В ту пору Софья Андреевна еще верила, что речь идет об очередном временном зигзаге в биографии мужа, поскольку давно привыкла к его «переменчивым мнениям». Новый кризис угрожал самым основаниям ее существования. Она чувствовала, что сострадание его мужа бедным и обездоленным подрывает ее положение в его душе и его жизни:
Я часто думаю, отчего Левочка поставил меня в положение вечной виноватости без вины? Оттого, что он хочет, чтоб я не жила, постоянно страдала, глядя на бедность, болезни и несчастия людей, и чтоб я их искала, если они не попадаются в жизни. То же он требует и от детей. Нужно ли это? ‹…› Если случится на пути такой больной, то пожалей и помоги ему, но зачем искать его, (СТ-Дн., I, 112) –
записала она в дневник в октябре 1886 года. Софье Андреевне трудно было осознать, насколько естественно образ жизни ее мужа, вызывавший у нее столь сильное отторжение, вытекал из природы его художественного дара, которому она была готова преданно служить. За письменным столом он вырабатывал свою уникальную способность вживаться в другого человека и понимать его душу, и эта способность парализовала в нем работу обычного защитного механизма невосприимчивости к чужому горю. Дневники и записные книжки Толстого этих лет переполнены почти ежедневными упоминаниями о голодных, нищих, больных и гонимых. Он был со всех сторон окружен зрелищем человеческих страданий. Едва ли он «искал» таких случаев, скорее – потерял спасительную способность не замечать их.
Простые люди с их проблемами сами искали Толстого. Среди них были отнюдь не только просители, стремящиеся поделиться своей бедой и получить практическую или душевную поддержку. В Ясную Поляну и дом Толстых в Хамовниках потянулись крестьяне, разочарованные в официальной церкви, преследуемые сектанты, самопровозглашенные пророки, странники и бродяги, мечтавшие поговорить с графом о Боге, нравственности и любви. Софья Андреевна презрительно прозвала их «темными». И она, и Александра Толстая вспоминают тверского крестьянина Василия Сютаева, который проповедовал братство между людьми и отрицал частную собственность, церковные ритуалы и образовательные учреждения. По словам обеих мемуаристок, беседы с ним произвели на автора «Войны и мира» сильнейшее впечатление.
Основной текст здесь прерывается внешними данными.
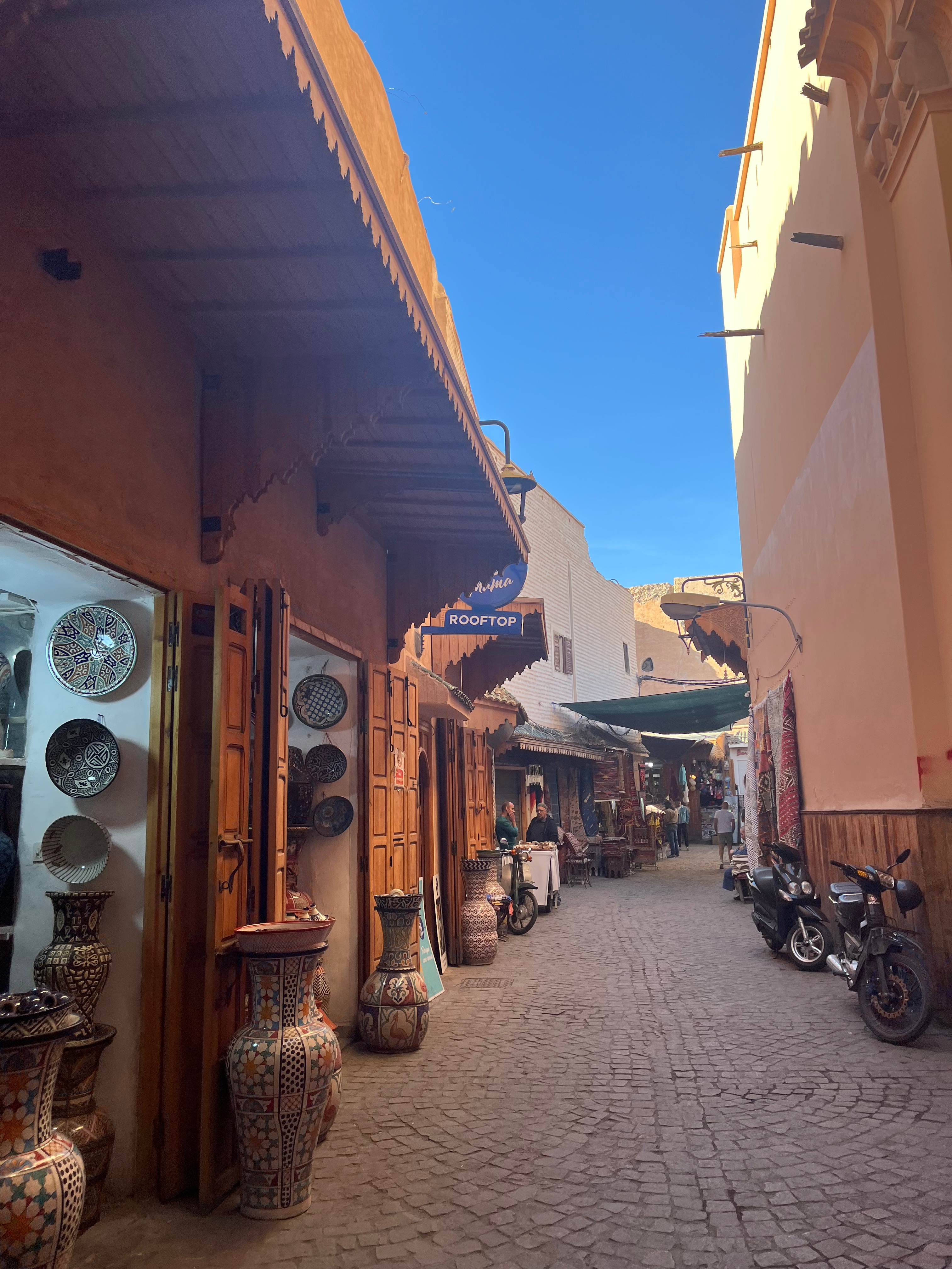 ArrivĂ©s en fin dâaprĂšs-midi, aprĂšs avoir rejoint notre hĂŽtel, nous sommes partis explorer les souks. Dans Marrakech, il y a diffĂ©rents souks, de vrais petits labyrinthes. Chacun a son ambiance :

Впрочем, самый важный гость, когда-либо посетивший Толстого, был выходцем из того же социального круга, что и он сам. Владимир Григорьевич Чертков принадлежал к сливкам русской аристократии и был очень богат. Как и подобало молодому гвардейскому офицеру, он вел рассеянный образ жизни, пока не покаялся и не начал заниматься обучением крестьян и благотворительностью. Около года он провел в Англии и сблизился с английскими евангелистами. Когда Чертков в первый раз пришел к Толстому, ему было 29 лет. Оставшиеся 53 года жизни, поделенные ровно пополам смертью учителя, он занимался распространением трудов Толстого и пропагандой его взглядов.
Поначалу Софья Андреевна благосклонно приняла Черткова – по крайней мере, он не был «темным». Постепенно, однако, отстраненная симпатия сменилась настороженной неприязнью, а потом и неистовой ненавистью. Софья Андреевна нашла идеальный объект для ревности. Она винила Черткова в отчуждении мужа, хотя прекрасно знала, что ее семья стала рушиться до того, как Владимир Григорьевич впервые постучал в дверь дома в Хамовниках. За несколько месяцев до смерти Толстого Софья Андреевна набрела на сделанное им в дневнике признание, что он всегда влюблялся в мужчин, а не в женщин, и обвинила своего восьмидесятидвухлетнего мужа в гомосексуальной связи с Чертковым.